LUKE FORD
'Luke Ford' (born May 28, 1966, in Kurri Kurri, New South Wales, Australia) is a writer, , and pornography gossip columnist known for his salacious disclosures and traditionalist Jewish religious views.
| Contents |
| Personal |
| Professional |
| Bibliography |
| References |
| External links |
| Websites run by Ford |
| Other |
Personal
Ford moved to California in 1977. His father, Desmond Ford, was a noted Seventh-day Adventist theologian, and was the center of a theological controversy in the late 1970s and 80s. His mother, Gwen Ford, died in March 1970, from bone cancer, when Ford was three years old.

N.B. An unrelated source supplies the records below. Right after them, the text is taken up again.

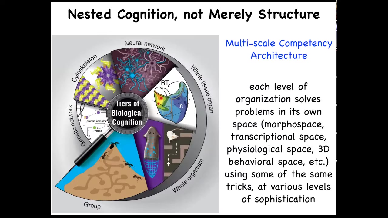 The interesting thing about biology is that each of us is made of this multi-scale competency architecture that is not just structural; we're nested dolls, groups of us are made of organisms, which are made of organs and tissues and cells and subcellular components, but each of these layers is actually solving problems in its own space. These are not merely passive sub-components. They are all competent in solving various kinds of problems.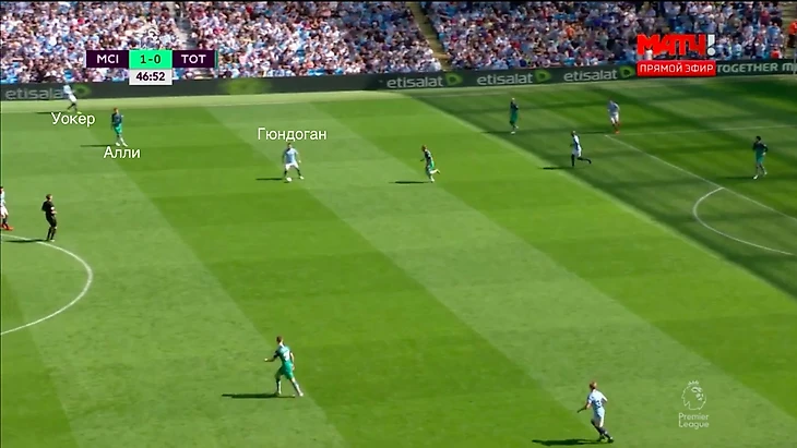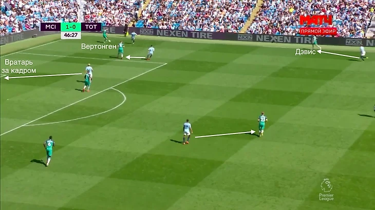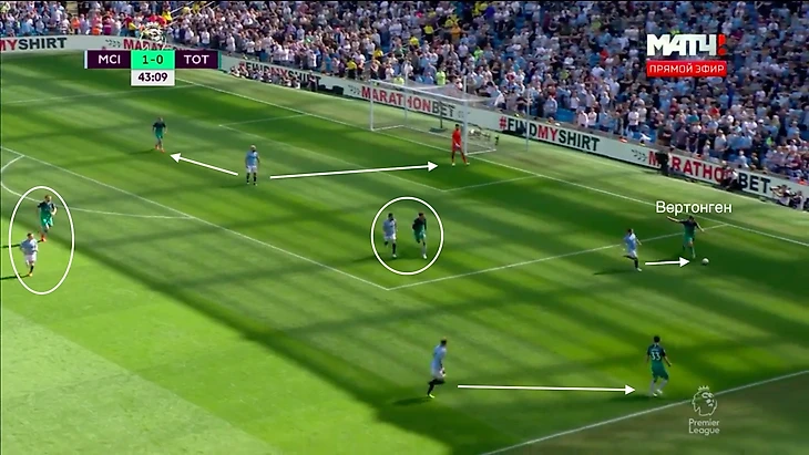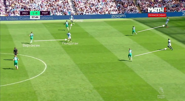 Ян Вертонген поднимается в полузащиту и играет против Гюндогана. Уокер под давлением и два других защитника – тоже. «Тоттенхэм» отберет мяч и проведет быструю атаку.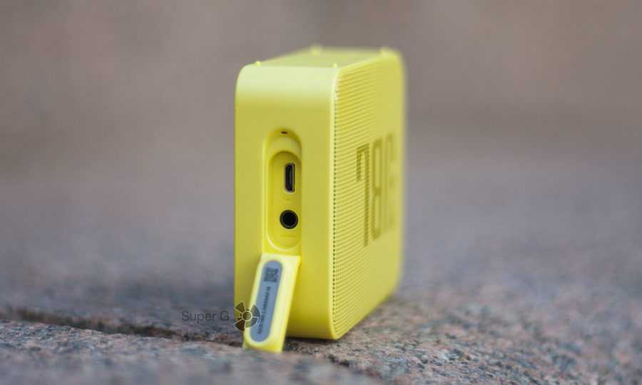 На правой стороне JBL Go можно видеть разъемы для зарядки micro-USB и подключения аудиокабеля, а также микрофон. Фронтальная часть покрыта металлической решеткой, защищающей динамик и маленький LED-индикатор.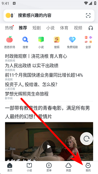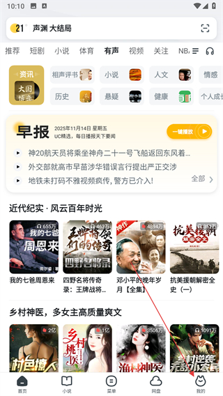 1、打开UC浏览器,点击底部我的选项进入个人中心页面。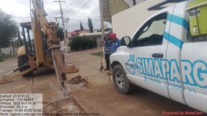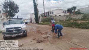 Río Grande, Zac.– El Sistema Municipal de Agua Potable y Alcantarillado de Río Grande (SIMAPARG) informó que este día se trabaja en la reparación de una fuga de agua registrada en la calle Abel Cruz, de la colonia Ruiz Cortines.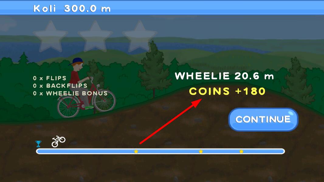 2、闖關過程中,努力延長車輪離地的距離以賺取獎金,利用金錢提升自行車的功率、重量等屬性,或購買新自行車增強性能。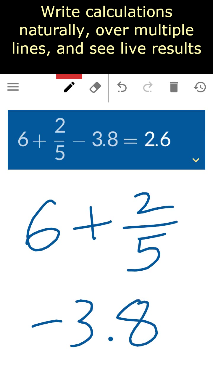 Papercalc is the way a calculator was meant to be. Simply write calculations in handwritten script and see live results. Span multiple rows or add lists of calculations. Easily edit previous results, save intermediate results, and re-use previous calculations with drag and drop. Papercalc calculates everything you do virtually instantaneously. Ideal for fractions and tape style calculations.

After leaving the Seventh-day Adventist Church, Ford explored atheism before converting to Judaism in 1992.[1] One of the major reasons for converting to Judaism was talk-show host and moralist, Dennis Prager. Ford observes the Jewish Sabbath, attends synagogue regularly, and keeps kosher. His faith conflicts with his chosen profession, which many rabbis see as immoral, and he has been asked to leave at least two different congregations.[2] Ford wrote about his religious ostracism in ''XXX-Communicated: A Rebel Without a Shul''.
Ford has suffered from chronic fatigue syndrome, which kept him bedridden for a time in his twenties.[3]
Professional
Ford studied economics at UCLA but did not graduate. Instead, he worked as an investigative journalist for southern California newspapers and at a radio station. In 1995, he became intrigued with the lack of journalistic coverage of the pornography industry, and started to write a book, which would become ''A History of X''.
In January 1996, after researching porn for a year, Ford wrote, produced, directed, and acted in ''What Women Want'', a pornographic video, not related to the Mel Gibson movie of the same name. It was not a success.[1]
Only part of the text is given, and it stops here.